The classes of psychostimulants include methylphenidate, dexmethylphenidate, dextroamphetamine, mixed amphetamine salts, and L-lysine-D-amphetamine (lisdexamfetamine). By the 1980s, there were already hundreds of randomized controlled trials showing the efficacy of stimulants in the treatment of ADHD in school-age children (Greenhill et al. 1999). Arnold (2000) reviewed studies in which subjects underwent a trial of both amphetamine and methylphenidate. This review suggested that approximately 41% of subjects with ADHD responded equally to methylphenidate and amphetamine, whereas 44% responded preferentially to one of the classes of stimulants. This finding suggests that the initial response rate to stimulants may be as high as 85% if both stimulants are tried (in contrast to the finding of 65%–75% response when only one stimulant is tried). In contrast, placebo response rates in stimulant trials are rarely above 20%–30%, making the effect size of the stimulants (0.8–1.0) one of the largest among all the psychotropics. At present, however, no method is available to predict which stimulant will produce the best response in a given patient. The past decade has seen the emergence of the long-acting stimulants; studies of these agents have been the focus of major reviews (Biederman and Spencer 2008; Pliszka and AACAP Work Group on Quality Issues 2007).

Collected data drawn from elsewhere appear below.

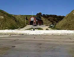 A north station at Flamborough was built in 1871 as No. 1 station, Flamborough.[1] No. 2 site was built in the same year, but closed in 1938. Both sites were opened after the Great Gale of 1871 when many ships were wrecked along the east coast of England.[2] As the coastline at Flamborough Head juts out for 6 miles (9.7 km) into the North Sea, having two sites on either side of the Head would mean that from wherever the wind was blowing in bad weather, at least one of the lifeboats could be launched.[3] A slipway was added to the No. 1 site in 1890, but ultimately, the two Flamborough sites were amalgamated into one on the northern site in the 1930s.[4] Both sites used skids and poles to aid the launching of the lifeboats into the water, and in 1934, when the No. 1 lifeboathouse was enlarged for the Elizabeth and Albina Whitley, a turntable was also added at the top to aid recovery of the vessel.[5]
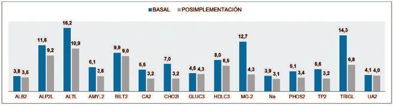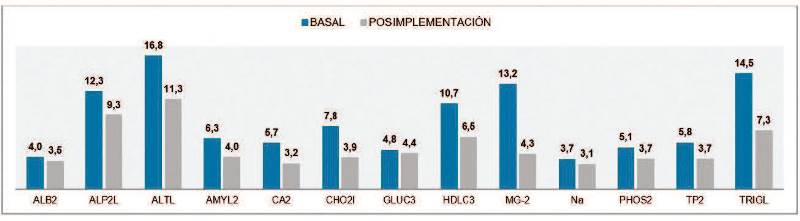 ALB2: albúmina, ALP2L: fosfatasa alcalina, ALTL: alaninaaminotransferasa, AMYL2: amilasa, CA2: calcio, CHO2I: colesterol, GLUC3: glucosa, HDLC3: colesterol HDL, MG-2: magnesio, Na: sodio, PHOS2: fósforo, TP2: proteínas totales, TRIGL: triglicéridos.
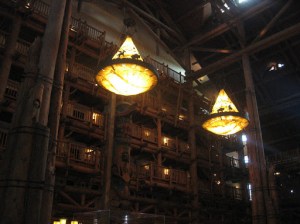 And the attention to detail was astounding. The wilderness Lodge obviously had an old west theme – all the furniture looked like it had been carved out of logs in our rooms. The elevator was wood panelled and inlaid with little animal designs in it. This was to be our first glimpse into that famous magic of Disney, the ode to the craft of scenic painting and props.
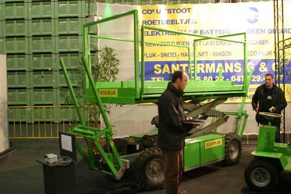 Platformy sadownicze są w Belgii i Holandii używane powszechnie. Na targach Fructura prezentowano większość znanych marek tych urządzeń (np. N. Blosi, Knecht, Hercules, Orsi, Marchesi). Nowością była pierwsza samobieżna platforma napędzana nie silnikiem spalinowym, ale elektrycznym (6 KW /48 V – fot. 10). Zdaniem jej producenta, belgijskiej firmy Hoogwerkers Santermans, podstawową zaletą urządzenia jest brak drgań, które mogą uszkadzać owoce w skrzyniopaletach oraz stwarzać niekorzystne warunki pracy ludzi. Taki silnik nie zanieczyszcza środowiska, na co często zwraca się już uwagę na Zachodzie. Urządzenie może pracować do 6 godzin przy w pełni naładowanych akumulatorach. Podstawowa wersja kosztuje około 26 tys. euro.

Initial research with stimulants was carried out in school-age children, but more recent controlled trials of stimulants have focused on adolescents (Spencer et al. 2006b; Wilens et al. 2006a) and adults (Biederman et al. 2006a; Weisler et al. 2006). These studies show that older individuals’ rates of response to stimulants are similar to those of children, with adequate response for most subjects being obtained with 70–100 mg/day of methylphenidate or 40–60 mg/day of amphetamine.
Preschoolers with ADHD have also been the focus of investigation. In the NIMH Preschool ADHD Treatment Study (PATS), 183 children (ages 3–5 years) underwent an open-label trial of methylphenidate, with 165 of these subjects subsequently randomly assigned to a double-blind, placebo-controlled crossover trial of methylphenidate lasting 6 weeks (Greenhill et al. 2006; Wigal et al. 2006). The mean optimal dosage of methylphenidate was found to be 0.7 ±0.4 mg/kg/day, which is lower than the mean of 1.0 mg/kg/day found to be optimal in school-age children. Eleven percent of subjects discontinued methylphenidate because of adverse events. Compared with school-age children, the preschool group showed a higher rate of emotional adverse events, including crabbiness, irritability, and proneness to crying. The conclusion was that the dosage of methylphenidate (or any stimulant) should be titrated more conservatively in preschoolers than in school-age patients, and lower mean dosages may be effective.
The appendix at the end of this chapter shows the recommended dosage ranges for these agents. The appendix also discusses adverse events, particularly growth suppression, that occur with psychostimulants.
Atomoxetine is a noradrenergic reuptake inhibitor that has indirect effects on dopamine reuptake in the cortex but not in the striatum (Bymaster et al. 2002). Numerous double-blind, placebo-controlled trials have demonstrated the medication’s efficacy in the treatment of ADHD in children, adolescents, and adults (Michelson et al. 2001, 2002, 2003). Given its pharmacokinetic half-life of 5 hours, it is generally dosed twice a day. Although open trials comparing methylphenidate with atomoxetine showed the two agents to have similar efficacy (Kratochvil et al. 2002), double-blind, placebo-controlled trials comparing atomoxetine with amphetamine (Biederman et al. 2006b; Wigal et al. 2005) and methylphenidate (Newcorn et al. 2008) have shown the stimulants to be more efficacious.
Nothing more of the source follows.